After almost eight years of George W. Bush's secret government, "of the people, by the people, and for the people" has become a joke.
Not a joke like lipstick on a pig. A joke like pathetic.
Because government secrecy is one of a cornucopia of serious issues our presidential candidates are busy not discussing.
Consider the following:
In its "Secrecy Report Card 2008," the advocacy group Open The Government concludes that the Bush Administration has "exercised unprecedented levels not only of restriction of access to information about federal government's policies and decisions, but also of suppression of discussion of those policies and their underpinnings and sources."
Today, the report finds, the Bush Administration "continues to refuse to be held accountable to the public through the oversight responsibilities of Congress."
It concludes, "We have been made less secure as a result and the open society on which we pride ourselves has been undermined and will take hard work to repair."
Here are some of the report's principal findings:
Classification activity remains significantly higher than before 2001. In 2006, the number of original classification decisions increased to 233,639, after dropping for the two previous years.
The government spent $195 maintaining the secrets already on the books for every one dollar it spent declassifying documents in 2007, a five per cent increase in one year. At the same time, fewer pages were declassified than in 2006. The nation's 16 intelligence agencies, which account for a large segment of the declassification numbers, are excluded from the total reported figures.
Classified, or "black" programs accounted for about $31.9 billion, or 18 per cent of the fiscal year (FY) 2008 Department of Defense (DOD) acquisition funding requested in 2007. Classified acquisition funding has more than doubled in real terms since FY 1995.
Almost 22 million requests were received under the Freedom of Information Act (FOIA) in 2007, an increase of almost 2% over last year. The 25 departments and agencies that handle the bulk of the third-party information requests, however, received 63,000 fewer requests than 2006 -- but processed only 2,100 more.
In 2007, the total cost of FOIA implementation across the government increased 16%. But a 2008 study revealed that, in 2007, FOIA spending at 25 key agencies fell by $7 million to $233.8 million and the agencies put 209 fewer people to work processing FOIA requests.
In 2007, the federal government closed the lid on 128 patents. Overall, that brings the total number of inventions kept under "secrecy orders" to 5,002.

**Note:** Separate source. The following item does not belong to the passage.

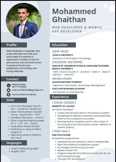مطور ويب وموبايل بخبرة في بناء الأنظمة والتطبيقات باستخدام تقنيات حديثة. اعمل على تطوير الواجهات وتحسين تجربة المستخدم، اضافة الى بناء الأنظمة المعتمدة على الخوادم وقواعد البيانات باستخدام Laravel وASP. NET. كما أطور تطبيقات موبايل متعددة المنصات عبر Flutter، مع تركيز على الأداء والجودة. ابحث عن فرصة أساهم فيها بتقديم حلول تقنية فعالة

While the secretive Foreign Intelligence Surveillance Court (FISC) does not reveal much about its activities, the Department of Justice reported that, in 2007, the FISC approved 2,371 orders -- rejecting only three and approving two left over from the previous year. Since 2000, federal surveillance activity under the jurisdiction of FISC has risen for the 9th year in a row -- more than doubling during the Bush Administration.
FISC was established under the Foreign Intelligence Surveillance Act (FISA) in 1978 after revelations of the widespread wiretapping by the administration of Richard M. Nixon to spy on political and activist groups. Recently, efforts to reform the act have been triggered by the Bush Administration's admission that it had conducted secret surveillance programs in the U.S. without warrants from the FISA court.
During FY 2007, suits brought by whistleblowers accounted for $1.45 billion of the $2 billion the United States obtained in settlements and judgments concerning fraud on the United States. However, the Department of Justice (DOJ) faces an ever-growing backlog of over 900 cases.